De provincie Zuid-Holland heeft de begroting voor volgend jaar vastgesteld, maar daar zit wel een groot financieel gat in. Tien van de zestien partijen in Provinciale Staten keurden het financiële voorstel van het college af. De coalitiepartners GroenLinks-PvdA, BBB, VVD en CDA stemden echter voor, net als de ChristenUnie en SP, waardoor de begroting 2025 toch werd goedgekeurd (33-22).
Diverse oppositiepartijen noemden de begroting „onrechtmatig”. Ze wezen op de provinciewet, waarin staat dat de begroting „structureel en reëel in evenwicht” moet zijn. Financieel gedeputeerde Mariëtte van Leeuwen presenteerde echter een overzicht met een groot gat tussen de uitgaven (1,06 miljard euro) en inkomsten (910 miljoen). Volgens de BBB-politica is 2025 in financieel opzicht een overgangsjaar, waarin de uitgaven en inkomsten beter in balans gebracht moeten worden.

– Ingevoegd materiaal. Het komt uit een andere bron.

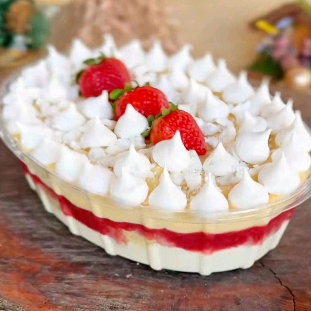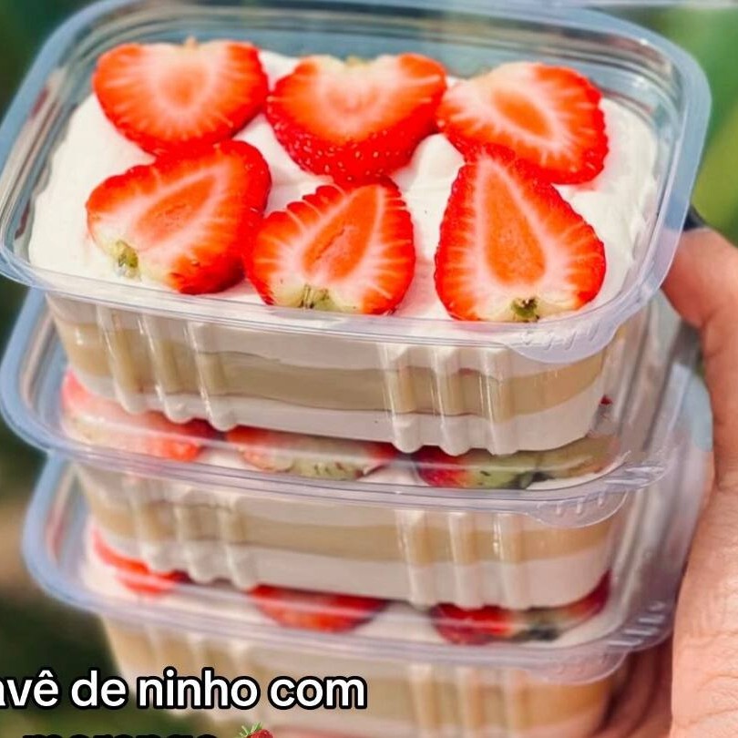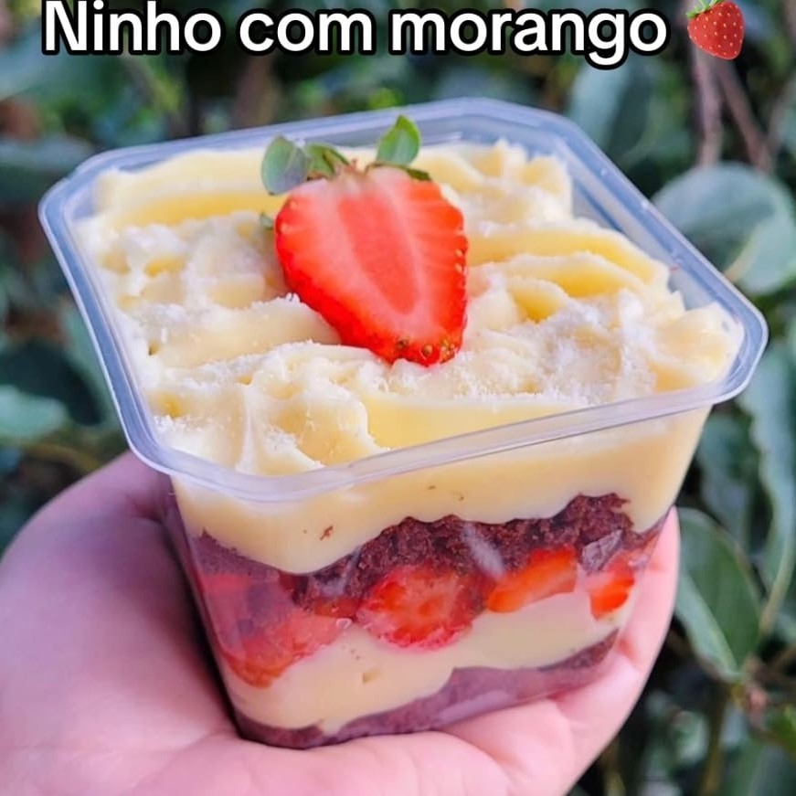 Essa sobremesa e uma verdadeira explosão de sabor chantyninho geleia de morango frescos brigadeiro de Ninho suspiros e morangos frescos tamanho de 600 ml serve 3 a 4 pessoas tamanho 1200 ml de 8 a 10 pessoas
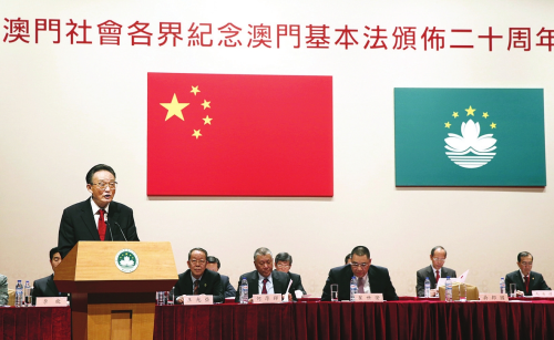 2013年2月21日,吴邦国同志在澳门文化中心出席澳门社会各界纪念澳门基本法颁布20周年启动大会并发表讲话。 本版图片均据新华社
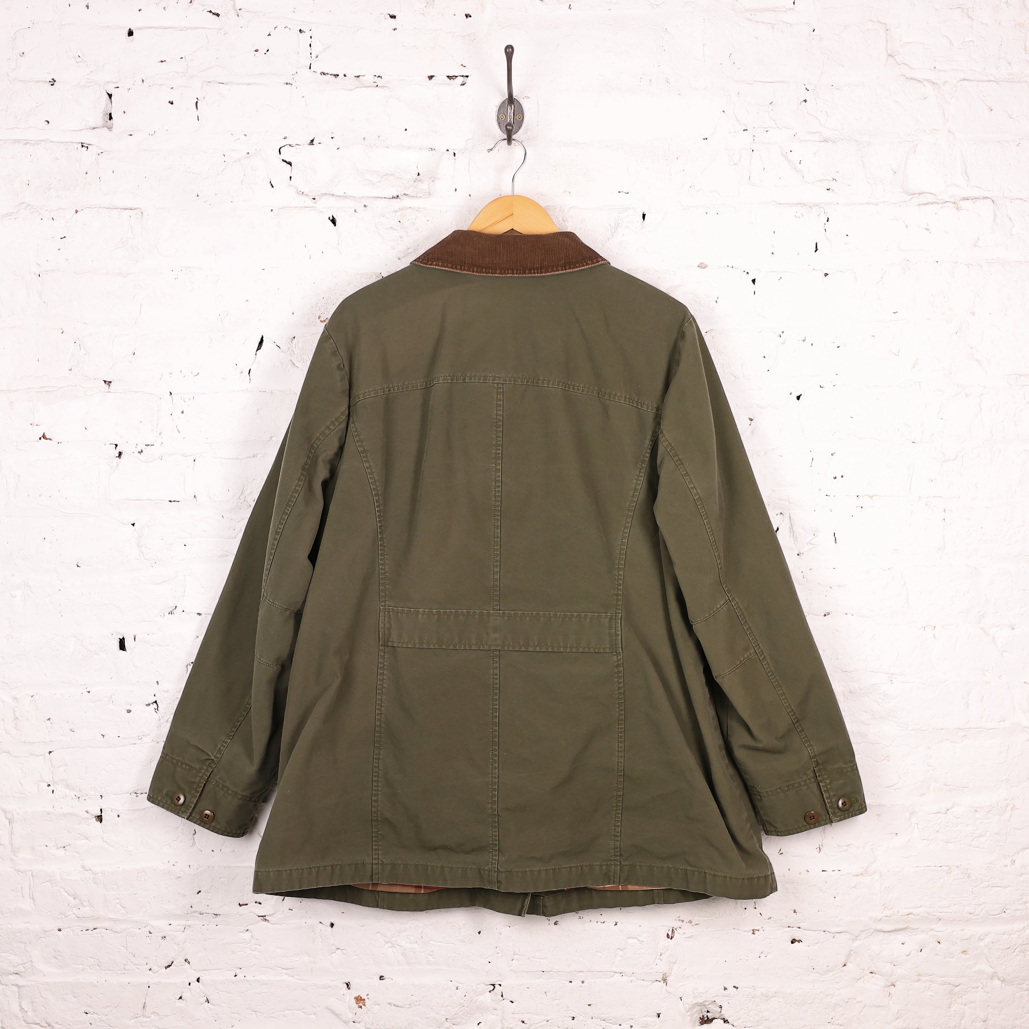 Excellent condition. LL Bean barn jacket in green with cord collar and four pockets, check inner lining.

Van Leeuwen denkt voor 2026 wel een sluitende begroting te hebben en daarmee te voldoen aan de wet.
De gedeputeerde vindt de begroting voor 2025 „verantwoord gezien alle onzekerheden die er zijn”. Van Leeuwen verwacht nog wat financiële meevallers, die nu niet in de begroting staan. Zo rekent ze op een extra bijdrage van 15 tot 20 miljoen euro uit het provinciefonds.
„Maar wij moeten Gedeputeerde Staten controleren op vastgelegde besluiten in plaats van op niet onderbouwde verwachtingen”, zei SGP-Statenlid Nico de Jager. Een groot deel van de oppositie verzocht Van Leeuwen via een amendement om de begroting voor 2025 opnieuw te maken en in evenwicht te brengen, maar daar was geen meerderheid voor.
De inkomsten van Zuid-Holland komen vooral uit het provinciefonds (zo’n 400 miljoen euro) en via de zogeheten provinciale opcenten van de motorrijtuigenbelasting (412 miljoen). Dat Zuid-Holland komend jaar de opcenten verhoogt - wat ruim 11 miljoen euro extra oplevert - kwam het provinciebestuur ook op kritiek te staan van een deel van de Staten. „Maar onze kosten voor mobiliteit zijn zo hoog, dat we de opcenten wel moeten verhogen”, aldus Van Leeuwen, die als uitgangspunt heeft dat „structurele taken van structureel geld worden voorzien”.